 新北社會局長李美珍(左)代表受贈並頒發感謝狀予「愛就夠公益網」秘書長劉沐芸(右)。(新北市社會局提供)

━━━━━━━━

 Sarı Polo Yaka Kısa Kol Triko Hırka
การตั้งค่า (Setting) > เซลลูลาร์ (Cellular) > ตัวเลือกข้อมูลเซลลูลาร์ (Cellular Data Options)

━━━━━━━━

#### [EXERCISE REQUIREMENTS]
Look above for the line holding "Sarı Polo Yaka Kısa Kol Triko Hırka". Print it and every line after it, exactly, through the line holding "การตั้งค่า (Setting) >".

#### [EXPECTED ANSWER]
 Sarı Polo Yaka Kısa Kol Triko Hırka
การตั้งค่า (Setting) > เซลลูลาร์ (Cellular) > ตัวเลือกข้อมูลเซลลูลาร์ (Cellular Data Options)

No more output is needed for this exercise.